KyoAni and the Melancholy of My Early Twenties

Somewhere in 2009, me and a few of my close college friends marathoned the first season of The Melancholy of Haruhi Suzumiya. I remembered seeing promotional articles and pictures of the leading lady herself during my stay in China in 2007, but had never gotten around to watching the series until that night.

We’d gotten a hold of the DVDs and knew all about the broadcast order vs. narrative order thing. For the uninitiated, the episodes were broadcast as episode 1, 2, 3, etc., but the story itself was out of order, so to watch the story from start to finish, you actually had to skip around different episodes. This was done intentionally as far as I can remember and it tracked well with the main character’s ability to literally rearrange the world around her.

The DVDs seemed to fix that problem, but I remember explaining the whole thing to my friends. Yet another fun, quirky thing about being an anime fan.

We watched most, if not all of season one that night and heading into summer, Haruhi Suzumiya became my favorite thing. And the best part was sharing the obsession with my two closest friends. Over the next year, we planned what became my first cosplay and I spent an inordinate amount of time learning this dance.

If we were gonna cosplay these characters, that meant really living into them. Plus, this was an era when you couldn’t go to a con without someone playing this song and if I was gonna walk around as Haruhi Suzumiya, I damn well better know my part.

That Otakon was a perfect weekend. Still, as I saw most of the photographs afterward, I made self-depreciating comments because my self esteem was perpetually in the dumps to the point where I had to keep saying it out loud to release some of the pent up negativity.

But pretending to be Haruhi Suzumiya for a weekend–this brash, overly confident character–balanced things out just a little bit. One thing I learned about confidence in the years following is that you fake it ’til you make it. Pretending to be a confident character can eventually help your own mind shift.

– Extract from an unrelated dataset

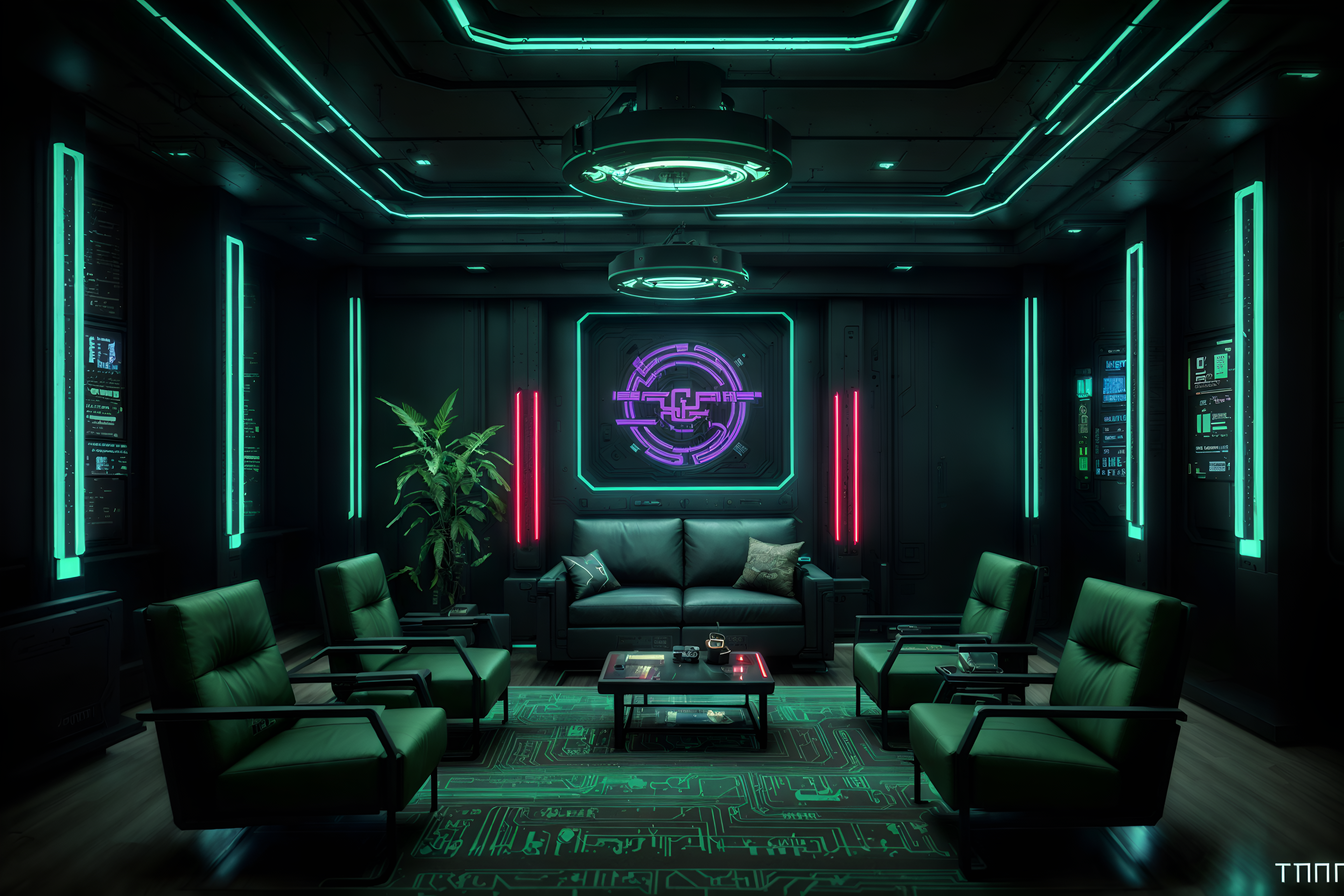 photo from pinterest of cyberpunk-style interior designed (hotel lobby interior) with lounge chairs and sofas and coffee tables and hanging lamps and furniture and plant and rug and check in desk. . with military uniforms and gear and cyberpunk lights and bladerunner style and surrealist paintings and dark night and futuristic cybernetic details and synthetic objects and cyberpunk lights. . cinematic photo, highly detailed, cinematic lighting, ultra-detailed, ultrarealistic, photorealism, 8k. trending on pinterest. cyberpunk interior design style. masterpiece, cinematic light, ultrarealistic+, photorealistic+, 8k, raw photo, realistic, sharp focus on eyes, (symmetrical eyes), (intact eyes), hyperrealistic, highest quality, best quality, , highly detailed, masterpiece, best quality, extremely detailed 8k wallpaper, masterpiece, best quality, ultra-detailed, best shadow, detailed background, detailed face, detailed eyes, high contrast, best illumination, detailed face, dulux, caustic, dynamic angle, detailed glow. dramatic lighting. highly detailed, insanely detailed hair, symmetrical, intricate details, professionally retouched, 8k high definition. strong bokeh. award winning photo.
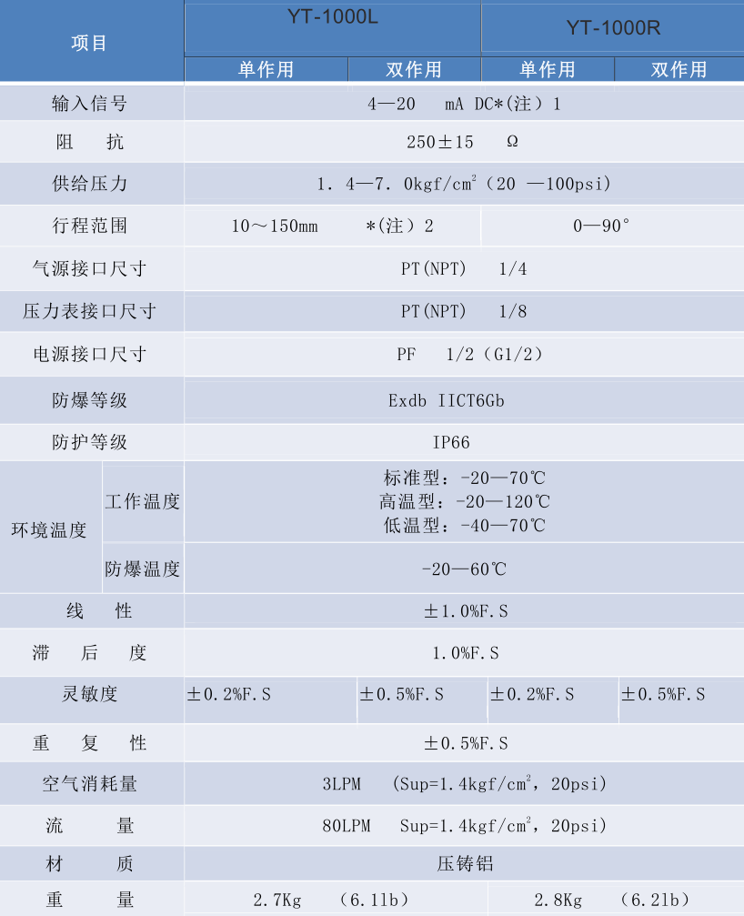 YT-1000系列定位器产品特点:

Haruhi also became the first anime character I wrote about theologically in a post that appeared on Beneath the Tangles. The link is long gone, but now I might revisit the series and that post as some additional tribute to Kyoto Animation that might mean something to someone else, too.

Speaking of writing, I also have Haruhi to thank for the initial spark of the book I just finished writing. It was 2009 and the very first incarnation of FDAD was entirely discovery-written and based on short story prompts. I had recently read the first Haruhi Suzumiya light novel and for this story, all I knew was that I loved the idea of a normal, contemporary world where one weird thing happens to one bored character who gets access to this whole other existence. That book is still a long way from being out in the world, but should it ever reach that point and gain enough success to be adapted, I’d want Kyoto Animation to do it.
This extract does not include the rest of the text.